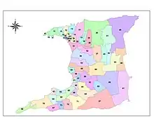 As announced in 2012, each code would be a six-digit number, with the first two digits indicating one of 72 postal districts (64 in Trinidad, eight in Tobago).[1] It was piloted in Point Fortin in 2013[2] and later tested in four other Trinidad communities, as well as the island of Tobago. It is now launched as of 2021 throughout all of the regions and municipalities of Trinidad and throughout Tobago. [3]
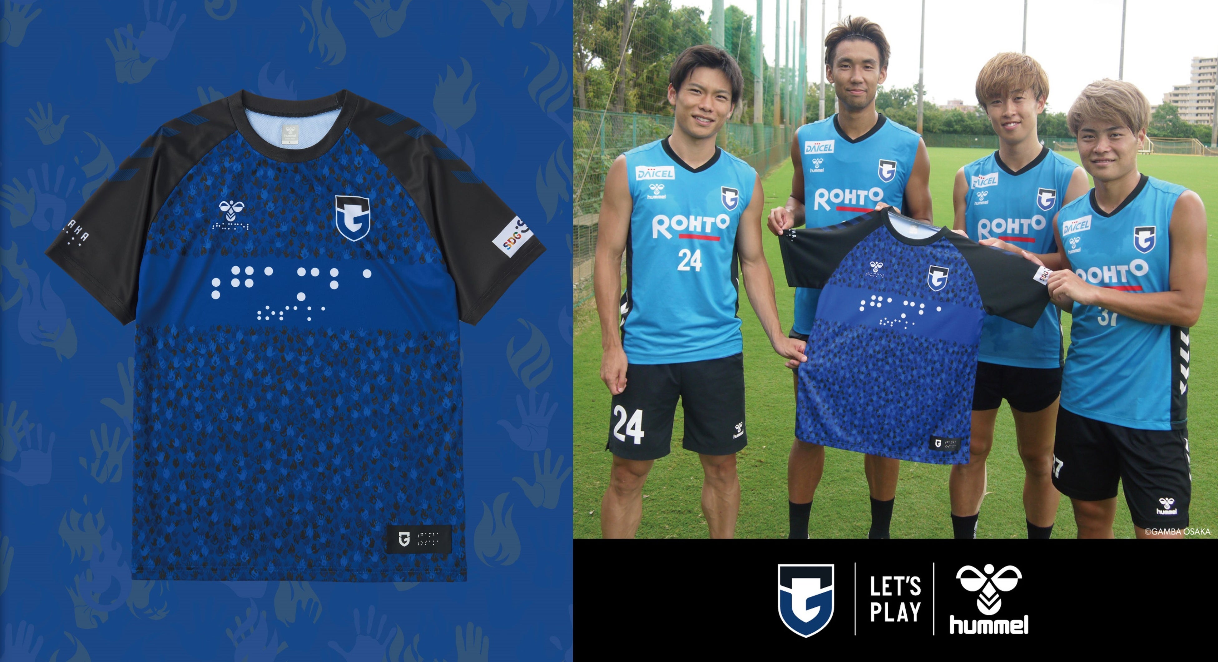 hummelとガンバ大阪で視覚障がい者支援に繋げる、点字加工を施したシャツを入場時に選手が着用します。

* * *

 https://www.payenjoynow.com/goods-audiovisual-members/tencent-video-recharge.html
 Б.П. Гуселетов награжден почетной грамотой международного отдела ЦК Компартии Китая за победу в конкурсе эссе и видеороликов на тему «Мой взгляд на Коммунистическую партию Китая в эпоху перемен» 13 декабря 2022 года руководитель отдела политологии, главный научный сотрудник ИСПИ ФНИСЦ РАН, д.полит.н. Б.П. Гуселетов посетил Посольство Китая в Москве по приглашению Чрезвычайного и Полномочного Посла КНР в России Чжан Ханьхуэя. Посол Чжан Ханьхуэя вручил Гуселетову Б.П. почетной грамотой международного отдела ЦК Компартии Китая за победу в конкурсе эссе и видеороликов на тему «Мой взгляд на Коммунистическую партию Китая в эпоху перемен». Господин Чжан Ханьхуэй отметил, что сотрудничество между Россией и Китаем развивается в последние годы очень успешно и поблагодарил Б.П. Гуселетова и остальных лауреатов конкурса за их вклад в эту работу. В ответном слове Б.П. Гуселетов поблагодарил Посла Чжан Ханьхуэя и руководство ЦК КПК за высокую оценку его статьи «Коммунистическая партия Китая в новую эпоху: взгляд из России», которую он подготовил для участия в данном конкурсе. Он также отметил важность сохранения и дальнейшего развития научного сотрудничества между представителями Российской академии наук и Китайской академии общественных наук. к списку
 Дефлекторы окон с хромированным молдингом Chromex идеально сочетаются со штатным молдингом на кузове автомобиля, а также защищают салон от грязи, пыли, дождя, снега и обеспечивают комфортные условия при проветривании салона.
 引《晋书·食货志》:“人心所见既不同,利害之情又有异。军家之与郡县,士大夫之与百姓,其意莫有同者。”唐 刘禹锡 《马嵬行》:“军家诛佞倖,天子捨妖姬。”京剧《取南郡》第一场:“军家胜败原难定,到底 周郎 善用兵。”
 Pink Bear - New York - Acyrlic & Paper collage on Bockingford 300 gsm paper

--

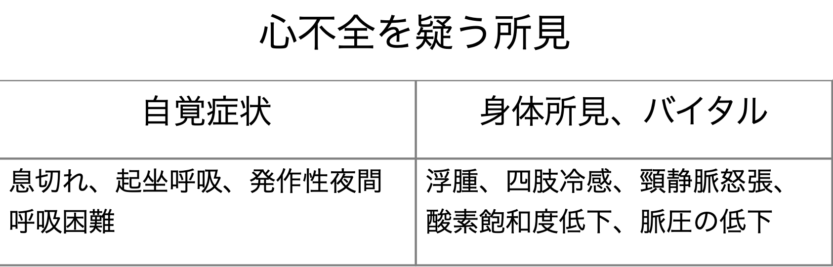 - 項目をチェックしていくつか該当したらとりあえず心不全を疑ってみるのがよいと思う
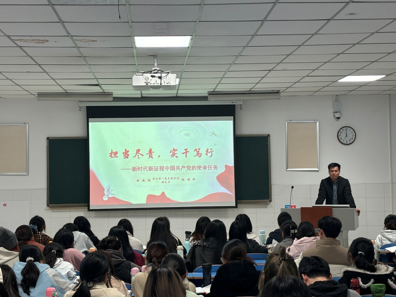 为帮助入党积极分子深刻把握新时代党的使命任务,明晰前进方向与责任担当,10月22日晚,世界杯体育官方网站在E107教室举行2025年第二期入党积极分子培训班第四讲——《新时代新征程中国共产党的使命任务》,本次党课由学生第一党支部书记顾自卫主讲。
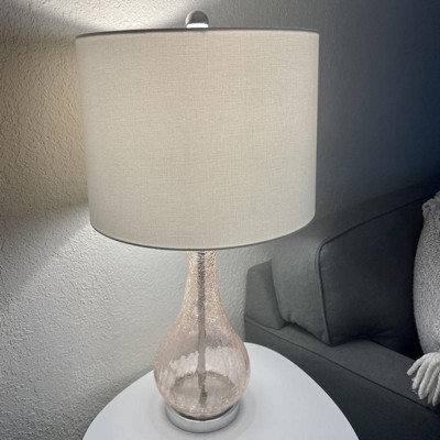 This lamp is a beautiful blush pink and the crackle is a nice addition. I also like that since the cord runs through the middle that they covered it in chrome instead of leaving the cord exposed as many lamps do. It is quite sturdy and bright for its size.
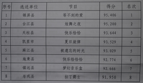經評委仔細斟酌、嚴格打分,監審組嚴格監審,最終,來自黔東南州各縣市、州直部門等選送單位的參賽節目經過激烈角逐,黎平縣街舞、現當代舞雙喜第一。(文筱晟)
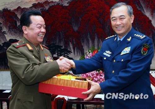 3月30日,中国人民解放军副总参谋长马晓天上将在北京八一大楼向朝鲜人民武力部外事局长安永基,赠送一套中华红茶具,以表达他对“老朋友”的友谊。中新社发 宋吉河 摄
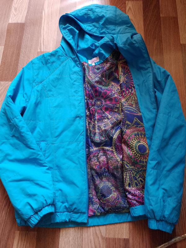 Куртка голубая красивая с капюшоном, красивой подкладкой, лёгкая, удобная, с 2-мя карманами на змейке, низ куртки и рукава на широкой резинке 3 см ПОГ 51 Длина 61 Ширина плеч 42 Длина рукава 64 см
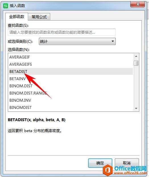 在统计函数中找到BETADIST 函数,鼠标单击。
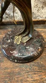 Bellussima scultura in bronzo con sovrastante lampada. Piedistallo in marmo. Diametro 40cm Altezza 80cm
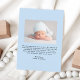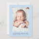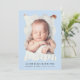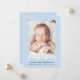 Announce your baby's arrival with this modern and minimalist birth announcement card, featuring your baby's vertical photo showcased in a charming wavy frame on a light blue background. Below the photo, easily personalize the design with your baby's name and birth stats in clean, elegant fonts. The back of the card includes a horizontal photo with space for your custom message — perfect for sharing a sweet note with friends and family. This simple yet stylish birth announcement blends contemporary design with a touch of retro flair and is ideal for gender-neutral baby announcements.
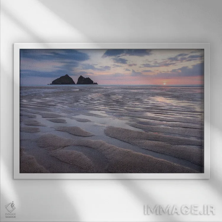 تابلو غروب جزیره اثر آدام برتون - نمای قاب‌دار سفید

*Task to carry out:* Pictures are to be left out. Write out only the lines above starting at the one with "As announced in" and ending at the one with "hummelとガンバ大阪で視", both lines included, exactly.

*Problem solution:*
 As announced in 2012, each code would be a six-digit number, with the first two digits indicating one of 72 postal districts (64 in Trinidad, eight in Tobago).[1] It was piloted in Point Fortin in 2013[2] and later tested in four other Trinidad communities, as well as the island of Tobago. It is now launched as of 2021 throughout all of the regions and municipalities of Trinidad and throughout Tobago. [3]
 hummelとガンバ大阪で視覚障がい者支援に繋げる、点字加工を施したシャツを入場時に選手が着用します。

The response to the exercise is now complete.